* _Records to use_:

::::::::::

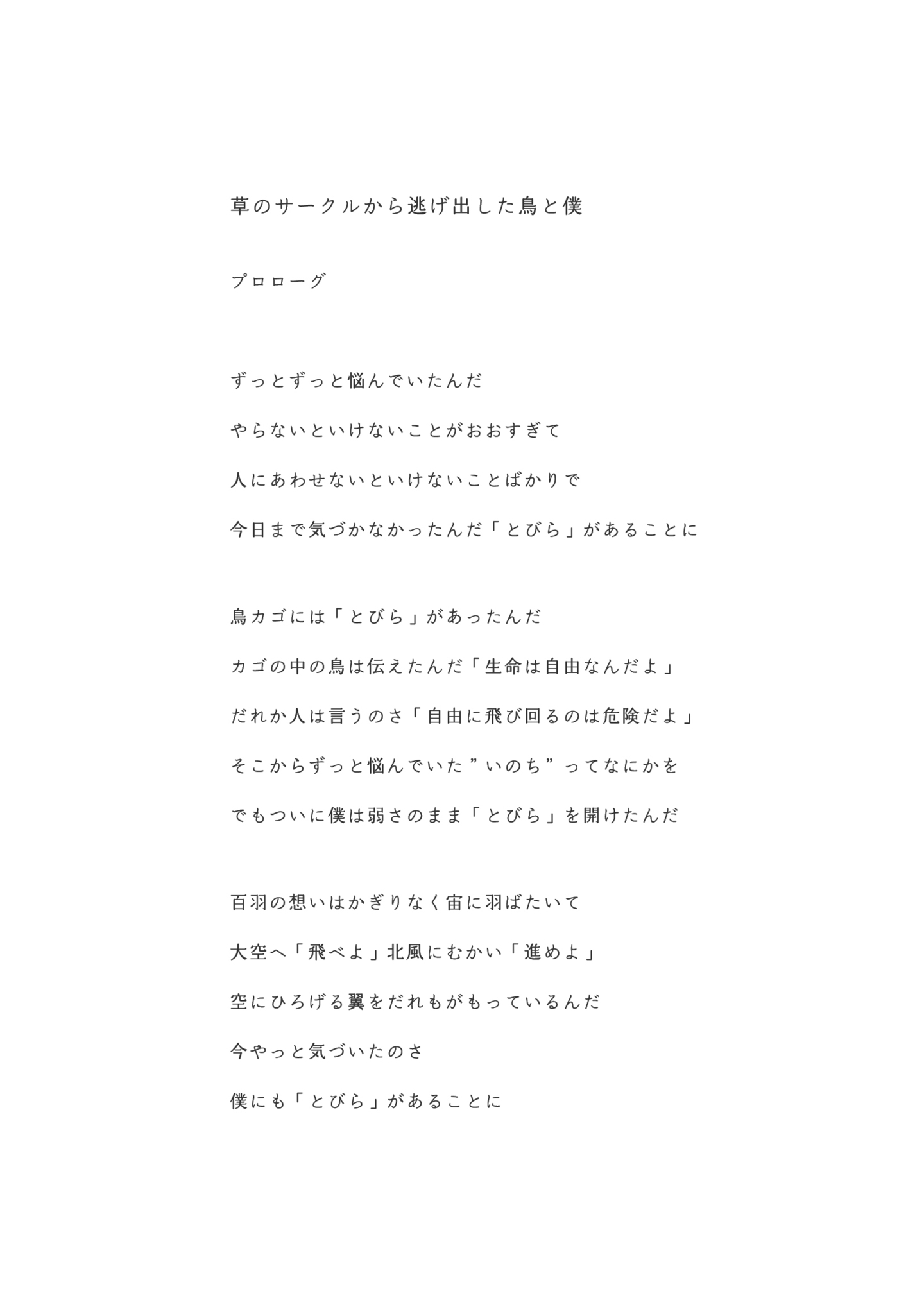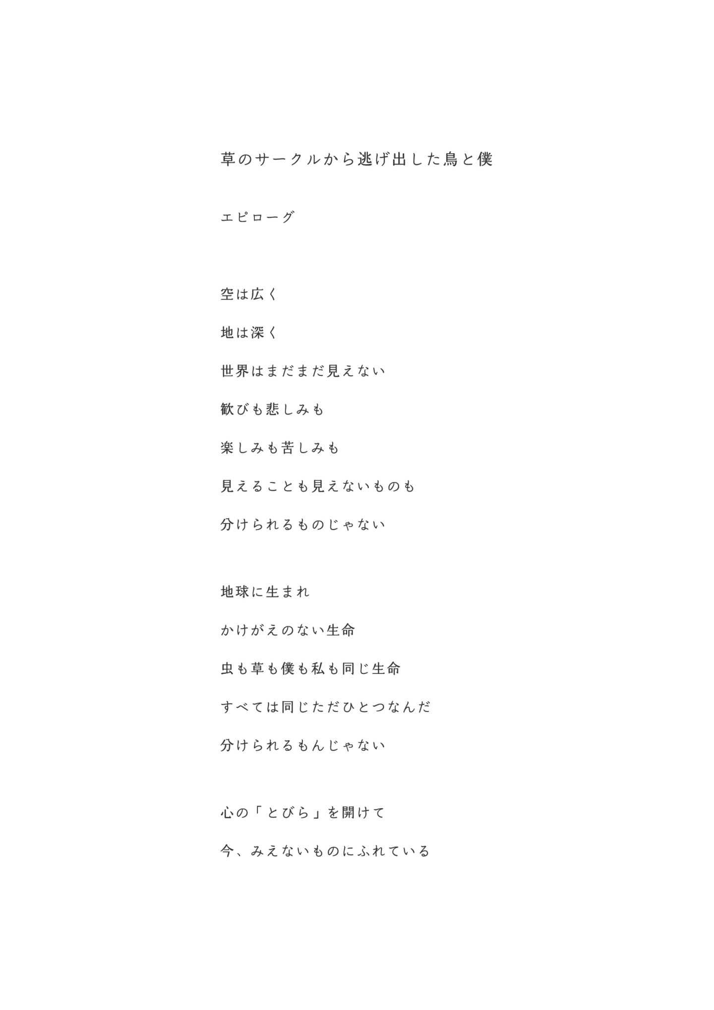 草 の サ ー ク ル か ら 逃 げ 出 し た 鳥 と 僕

::::::::::

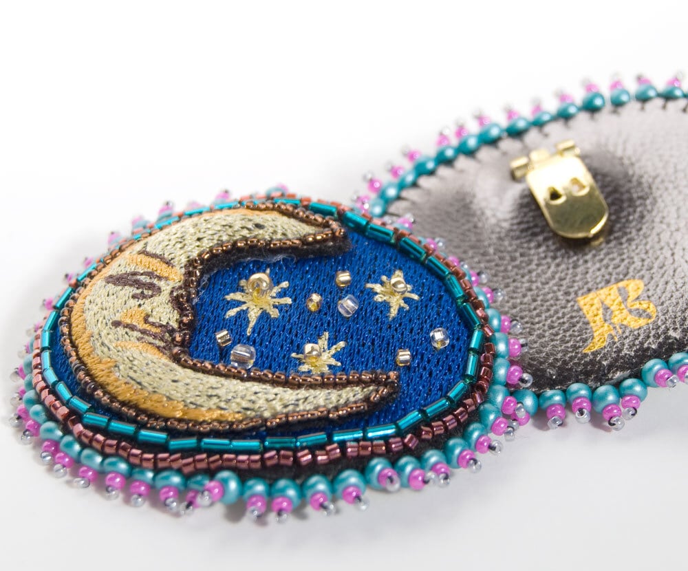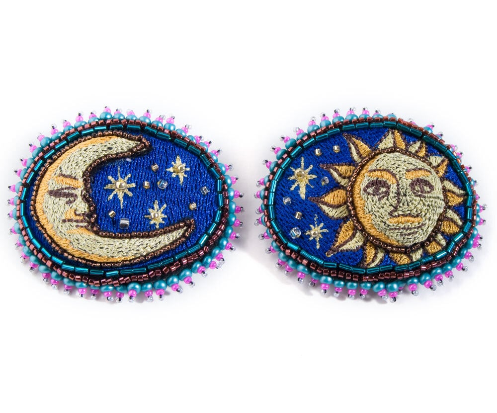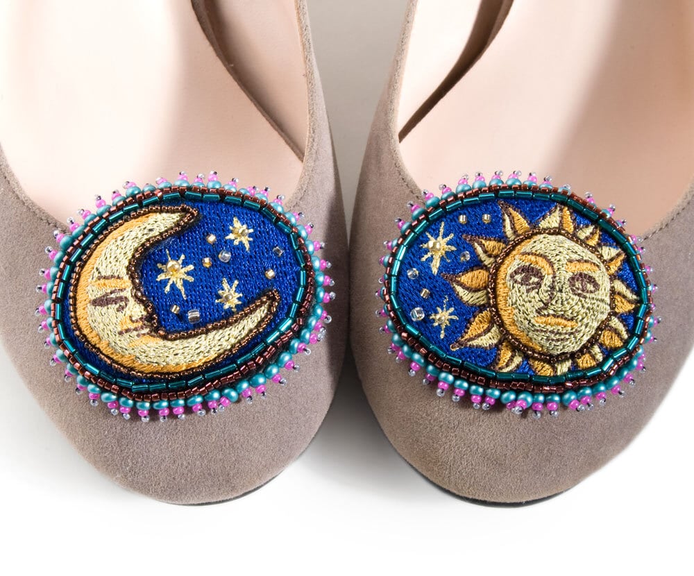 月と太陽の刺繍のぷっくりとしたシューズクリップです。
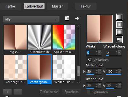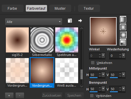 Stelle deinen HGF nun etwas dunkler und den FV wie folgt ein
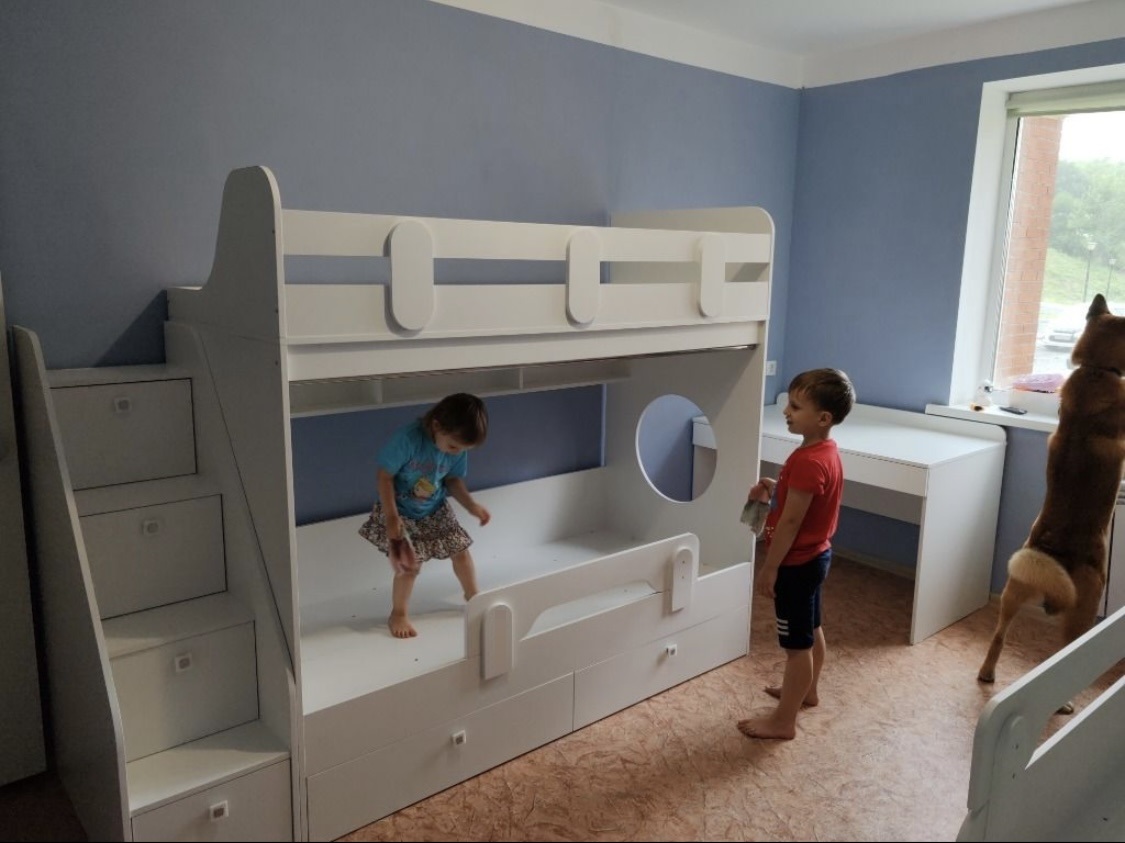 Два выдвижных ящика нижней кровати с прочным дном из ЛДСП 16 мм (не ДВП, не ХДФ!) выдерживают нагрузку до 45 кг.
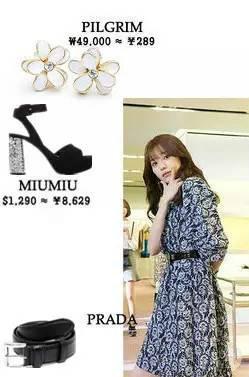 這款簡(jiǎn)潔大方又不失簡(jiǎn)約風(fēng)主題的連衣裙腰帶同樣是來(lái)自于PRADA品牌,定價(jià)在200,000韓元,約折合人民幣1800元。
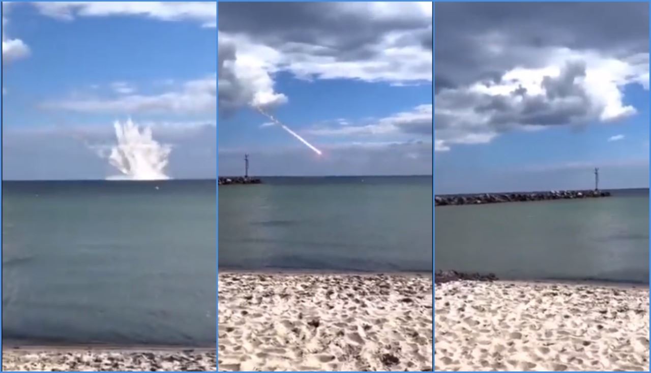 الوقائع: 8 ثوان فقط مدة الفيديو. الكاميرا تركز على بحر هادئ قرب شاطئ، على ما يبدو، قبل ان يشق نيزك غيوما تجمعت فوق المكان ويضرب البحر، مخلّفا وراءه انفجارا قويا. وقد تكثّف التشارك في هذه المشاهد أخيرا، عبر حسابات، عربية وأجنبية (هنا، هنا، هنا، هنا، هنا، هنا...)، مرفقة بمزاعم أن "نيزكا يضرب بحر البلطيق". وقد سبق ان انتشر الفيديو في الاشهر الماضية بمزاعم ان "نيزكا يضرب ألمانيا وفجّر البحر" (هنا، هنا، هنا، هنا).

::::::::::

* _Task description_: Copy nothing but the lines above that run from the one with "月と太陽の刺繍のぷっくりとしたシューズクリップです。" to the one with "這款簡(jiǎn)潔大方又不", ends included; pictures stay out.

* _Your solution_:
 月と太陽の刺繍のぷっくりとしたシューズクリップです。
 Stelle deinen HGF nun etwas dunkler und den FV wie folgt ein
 Два выдвижных ящика нижней кровати с прочным дном из ЛДСП 16 мм (не ДВП, не ХДФ!) выдерживают нагрузку до 45 кг.
 這款簡(jiǎn)潔大方又不失簡(jiǎn)約風(fēng)主題的連衣裙腰帶同樣是來(lái)自于PRADA品牌,定價(jià)在200,000韓元,約折合人民幣1800元。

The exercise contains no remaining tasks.